Work request
Everything in the listing must be repeated exactly, apart from the images.

Information provided
Start of Block
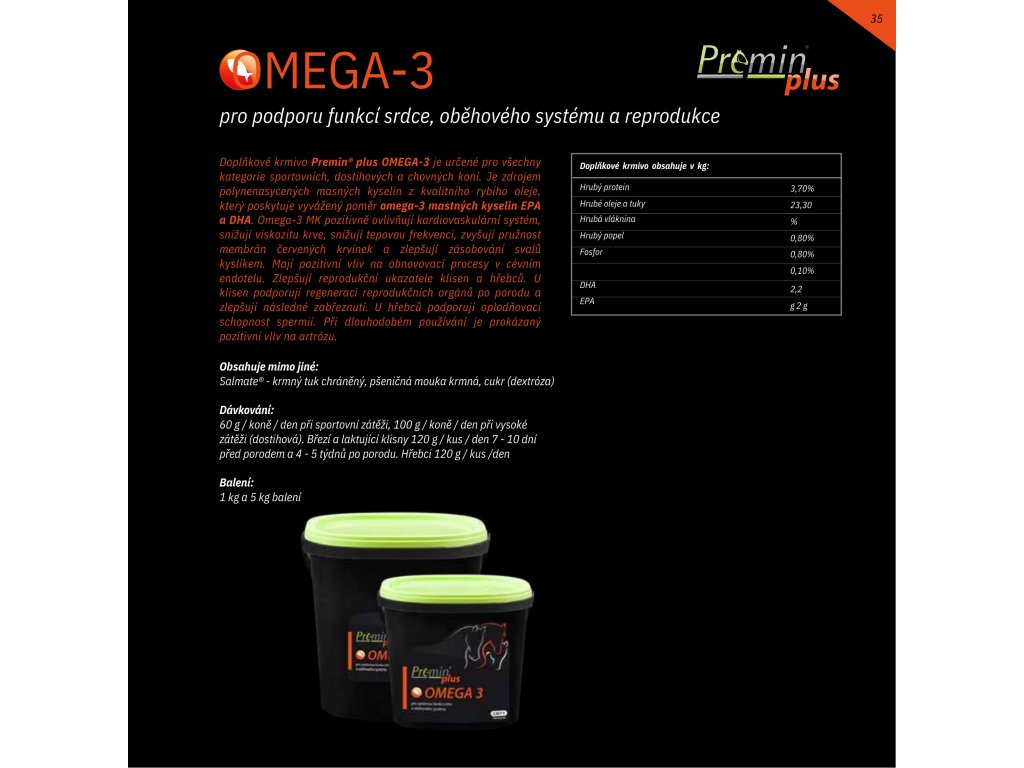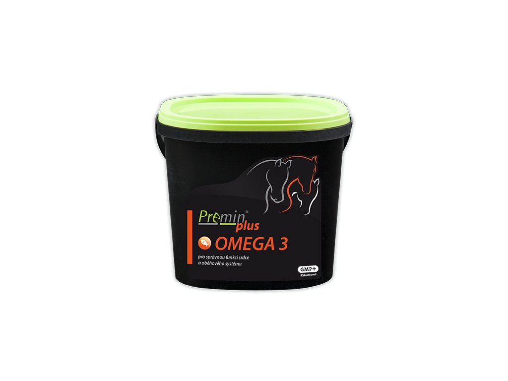 Doplňkové krmivo Premin® plus OMEGA-3 je určené pro všechny kategorie sportovních, dostihových a chovných koní. Je zdrojem polynenasycených masných kyselin z kvalitního rybího oleje, který poskytuje vyvážený poměr omega-3 mastných kyselin EPA a DHA. Omega-3 MK pozitivně ovlivňují kardiovaskulární systém, snižují viskozitu krve, snižují tepovou frekvenci, zvyšují pružnost membrán červených krvinek a zlepšují zásobování svalů kyslíkem. Mají pozitivní vliv na obnovovací procesy v cévním endotelu. Zlepšují reprodukční ukazatele klisen a hřebců. U klisen podporují regeneraci reprodukčních orgánů po porodu a zlepšují následné zabřeznutí. U hřebců podporují oplodňovací schopnost spermií. Při dlouhodobém používání je prokázaný pozitivní vliv na artrózu.
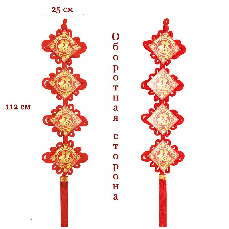 Китайский узел ромб золото НАБОР 2шт (23х112см + 23х112см) кисточка, Фортуна
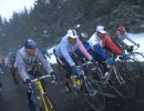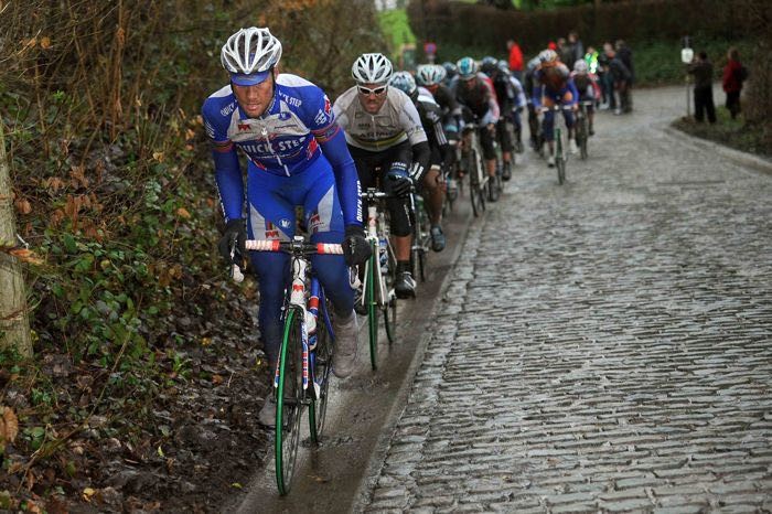 You got that right. The lead picture is a shocker. Ok, so he wants to show off the sponsor logos on his socks (a modern abomination IMHO and the real culprit in the ever heightening sock debate) but if it’s cold enough for full leg warmers, wouldn’t a nice knit overshoe look more pro? Merckx knows these guys must have access to the full range of team gear.
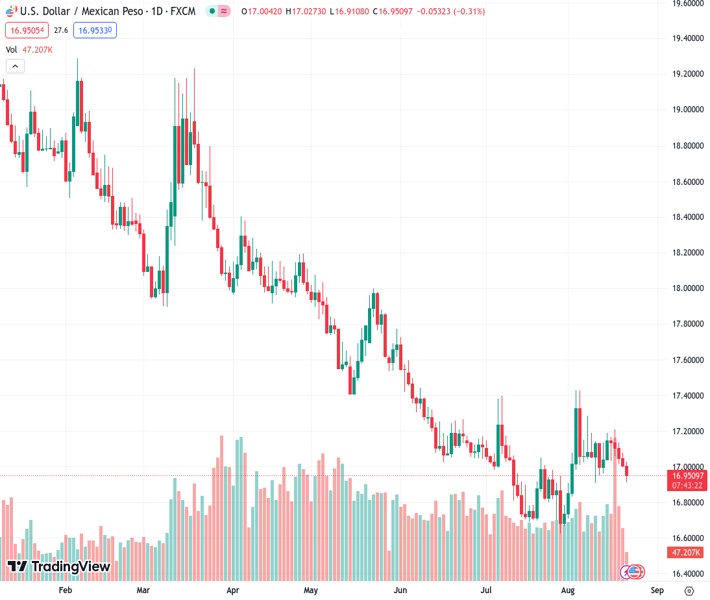 Societe Generale believes that in order to confirm a sustained recovery, it is crucial for the US dollar to surpass the 17.42 peso level, as the current exchange rate stands at 16.9502 US dollars to the Mexican peso.
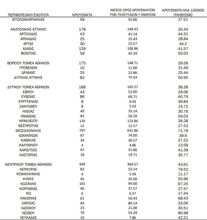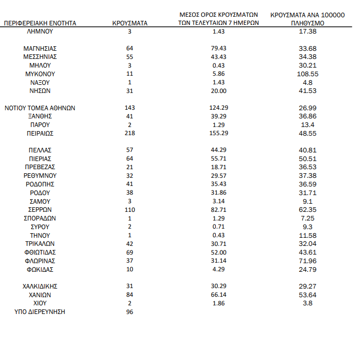Δείτε αναλυτικά που εντοπίζονται τα σημερινά κρούσματα
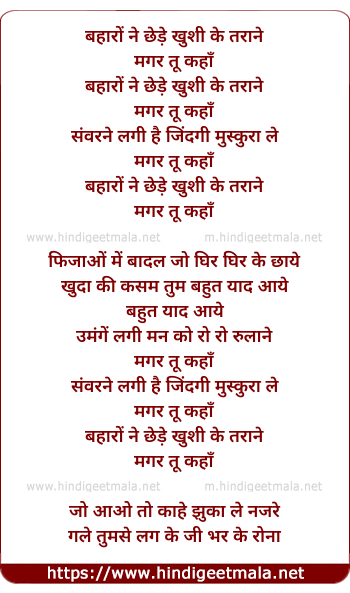 Lyrics of Baharon Ne Chhede Khushi Ke Tarane - बहारों ने छेड़े खुशी के तराने
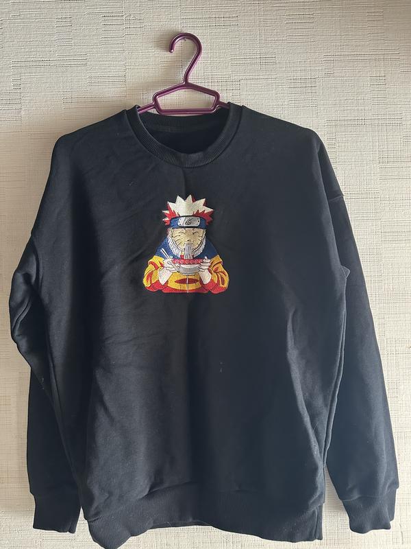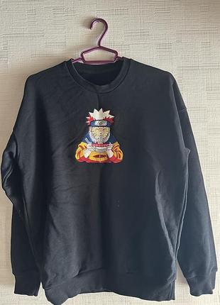 Світшот Наруто розмір С чорного кольору Ширина під руками 54 Довжина виробу 68 Рукав від плеча 53 плечі спущені Без флісу
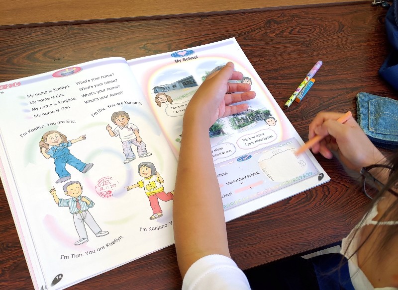 いっぽうこちらは、小学生英会話・中級クラスの4年生。
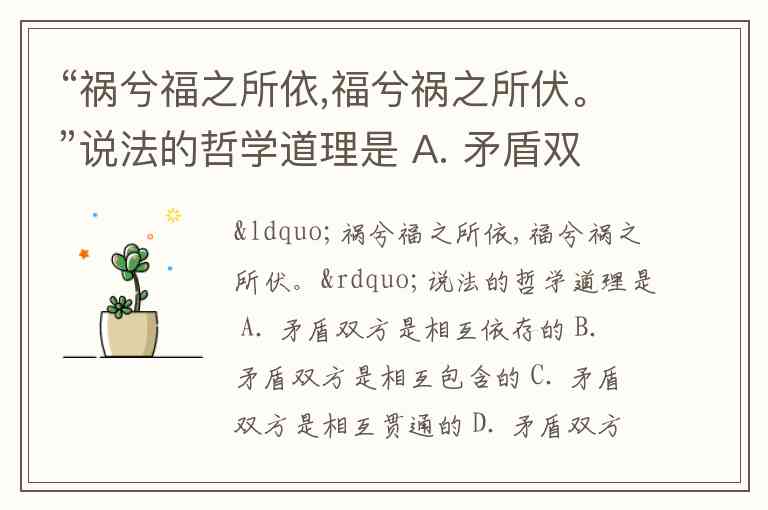 “祸兮福之所依,福兮祸之所伏。”说法的哲学道理是 A. 矛盾双方是相互依存的 B. 矛盾双方是相互包含的 C. 矛盾双方是相互贯通的 D. 矛盾双方是相互转化的
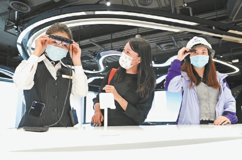 昨天,參觀者在麗澤金融商務區(qū)麗澤SOHO31層5G實驗室體驗5G新技術帶來的變化。工作人員為參觀者現(xiàn)場演示5G技術在醫(yī)療、自動駕駛、人工智能等領域的各種應用(劉平/攝)
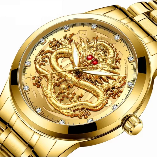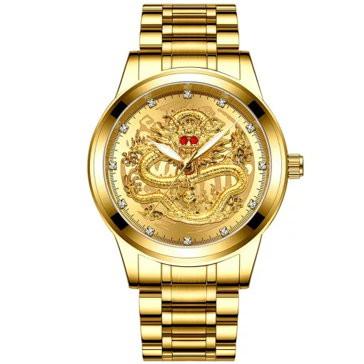 Đồng HỒ Nam FNGEEN SL68 Mặt Rồng 3D Mắt Đỏ Dây Thép Cao Cấp Tặng Vòng Tay Nam Mạ Bạch Kim Đính Đá Kim Cương Toàn Diện
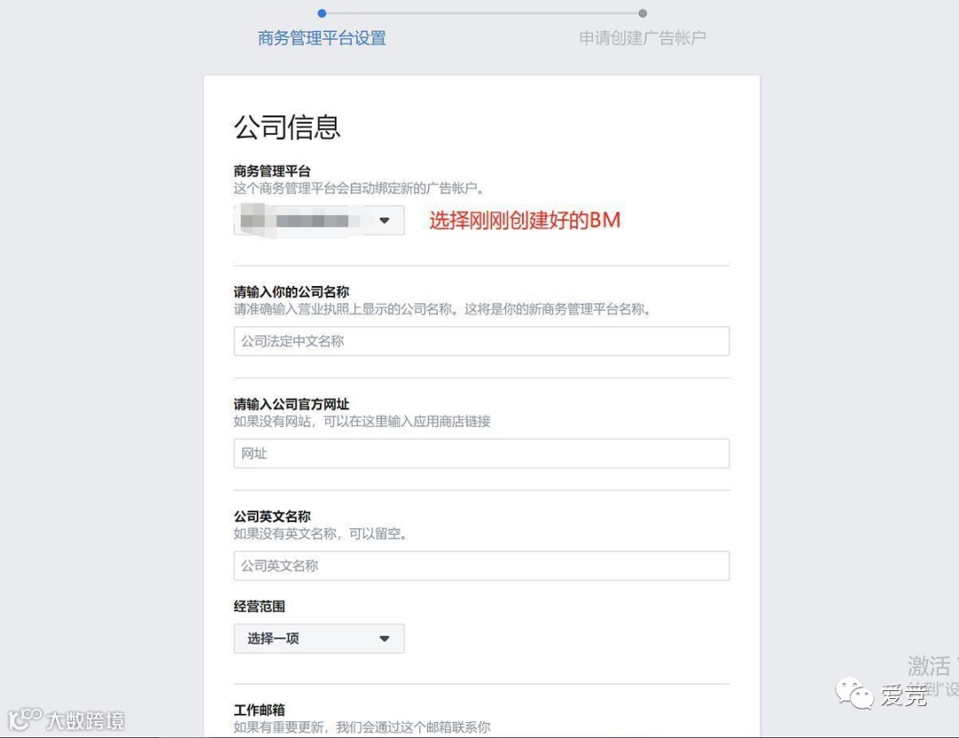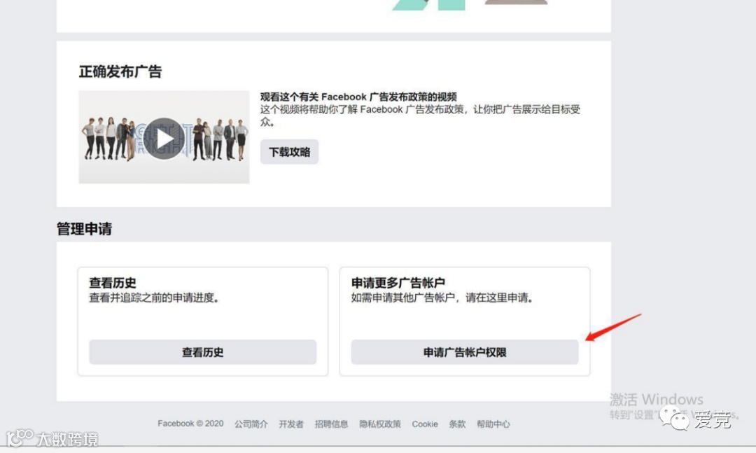 点击Facebook代理给的Facebook开户OE链接:然后点击申请广告账户
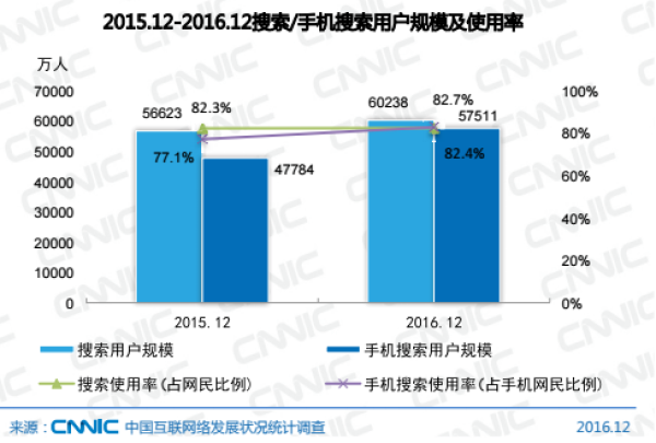 CNNIC在 2016 年 12 月底发布的统计数据显示,国内搜索用户规模为6. 02 亿人,其中手机搜索用户规模为5. 75 亿,手机搜索用户在整体搜索用户中所占比例高达95%。从增长率上能够更清晰地看到这一移动化的趋势,整体搜索用户年增长率只有6.4%,而手机搜索用户的增幅则高达20.4%。换句话说,所有的搜索引擎公司几乎是站在同一起跑线上面对一个全新的市场。
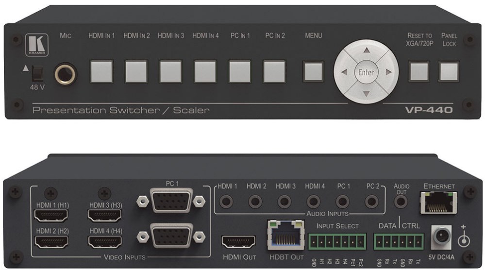 VP-440 - это превосходное и высокотехнологичное устройство, представляющее из себя масштабатор для презентаций с четырьмя входами HDMI и двумя входами для компьютерной графики (VGA). Устройство масштабирует видео, встраивает звук и выводит сигнал на выход HDMI и выход HDBaseT одновременно. Устройство включает аналоговые и встроенные аудиовходы и выходы
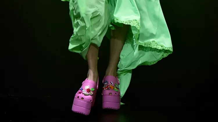 Για την ιστορία, η πρώτη συνεργασία του οίκου με την εταιρεία ήταν το 2018, όταν ο Gvasalia έστειλε τα μοντέλα του στην πασαρέλα με πανύψηλες πλατφόρμες Crocs σε κίτρινο, πράσινο, ροζ και μαύρο χρώμα. Κανείς - και τότε- δεν είπε "πόσο ωραία παπούτσια", ωστόσο εκείνη η συλλογή ξεπούλησε έστω κι αν το κόστος κάθε ζευγαριού άγγιξε τα 670€!
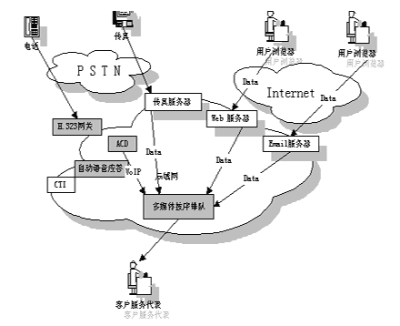 多媒體呼叫中心實際上是基于CTI 技術的傳統(tǒng)呼叫中心與 ICC 的相互結合,F(xiàn)在許多呼叫中心把各種媒體通信技術集成到了一起,允許座席員同時可以處理語音呼叫﹑Web請求﹑e-mail和傳真。其簡單示意圖如下:
End of Block
Task output
 Doplňkové krmivo Premin® plus OMEGA-3 je určené pro všechny kategorie sportovních, dostihových a chovných koní. Je zdrojem polynenasycených masných kyselin z kvalitního rybího oleje, který poskytuje vyvážený poměr omega-3 mastných kyselin EPA a DHA. Omega-3 MK pozitivně ovlivňují kardiovaskulární systém, snižují viskozitu krve, snižují tepovou frekvenci, zvyšují pružnost membrán červených krvinek a zlepšují zásobování svalů kyslíkem. Mají pozitivní vliv na obnovovací procesy v cévním endotelu. Zlepšují reprodukční ukazatele klisen a hřebců. U klisen podporují regeneraci reprodukčních orgánů po porodu a zlepšují následné zabřeznutí. U hřebců podporují oplodňovací schopnost spermií. Při dlouhodobém používání je prokázaný pozitivní vliv na artrózu.
 Китайский узел ромб золото НАБОР 2шт (23х112см + 23х112см) кисточка, Фортуна
 You got that right. The lead picture is a shocker. Ok, so he wants to show off the sponsor logos on his socks (a modern abomination IMHO and the real culprit in the ever heightening sock debate) but if it’s cold enough for full leg warmers, wouldn’t a nice knit overshoe look more pro? Merckx knows these guys must have access to the full range of team gear.
 Societe Generale believes that in order to confirm a sustained recovery, it is crucial for the US dollar to surpass the 17.42 peso level, as the current exchange rate stands at 16.9502 US dollars to the Mexican peso.
Δείτε αναλυτικά που εντοπίζονται τα σημερινά κρούσματα
 Lyrics of Baharon Ne Chhede Khushi Ke Tarane - बहारों ने छेड़े खुशी के तराने
 Світшот Наруто розмір С чорного кольору Ширина під руками 54 Довжина виробу 68 Рукав від плеча 53 плечі спущені Без флісу
 いっぽうこちらは、小学生英会話・中級クラスの4年生。
 “祸兮福之所依,福兮祸之所伏。”说法的哲学道理是 A. 矛盾双方是相互依存的 B. 矛盾双方是相互包含的 C. 矛盾双方是相互贯通的 D. 矛盾双方是相互转化的
 昨天,參觀者在麗澤金融商務區(qū)麗澤SOHO31層5G實驗室體驗5G新技術帶來的變化。工作人員為參觀者現(xiàn)場演示5G技術在醫(yī)療、自動駕駛、人工智能等領域的各種應用(劉平/攝)
 Đồng HỒ Nam FNGEEN SL68 Mặt Rồng 3D Mắt Đỏ Dây Thép Cao Cấp Tặng Vòng Tay Nam Mạ Bạch Kim Đính Đá Kim Cương Toàn Diện
 点击Facebook代理给的Facebook开户OE链接:然后点击申请广告账户
 CNNIC在 2016 年 12 月底发布的统计数据显示,国内搜索用户规模为6. 02 亿人,其中手机搜索用户规模为5. 75 亿,手机搜索用户在整体搜索用户中所占比例高达95%。从增长率上能够更清晰地看到这一移动化的趋势,整体搜索用户年增长率只有6.4%,而手机搜索用户的增幅则高达20.4%。换句话说,所有的搜索引擎公司几乎是站在同一起跑线上面对一个全新的市场。
 VP-440 - это превосходное и высокотехнологичное устройство, представляющее из себя масштабатор для презентаций с четырьмя входами HDMI и двумя входами для компьютерной графики (VGA). Устройство масштабирует видео, встраивает звук и выводит сигнал на выход HDMI и выход HDBaseT одновременно. Устройство включает аналоговые и встроенные аудиовходы и выходы
 Για την ιστορία, η πρώτη συνεργασία του οίκου με την εταιρεία ήταν το 2018, όταν ο Gvasalia έστειλε τα μοντέλα του στην πασαρέλα με πανύψηλες πλατφόρμες Crocs σε κίτρινο, πράσινο, ροζ και μαύρο χρώμα. Κανείς - και τότε- δεν είπε "πόσο ωραία παπούτσια", ωστόσο εκείνη η συλλογή ξεπούλησε έστω κι αν το κόστος κάθε ζευγαριού άγγιξε τα 670€!
 多媒體呼叫中心實際上是基于CTI 技術的傳統(tǒng)呼叫中心與 ICC 的相互結合,F(xiàn)在許多呼叫中心把各種媒體通信技術集成到了一起,允許座席員同時可以處理語音呼叫﹑Web請求﹑e-mail和傳真。其簡單示意圖如下:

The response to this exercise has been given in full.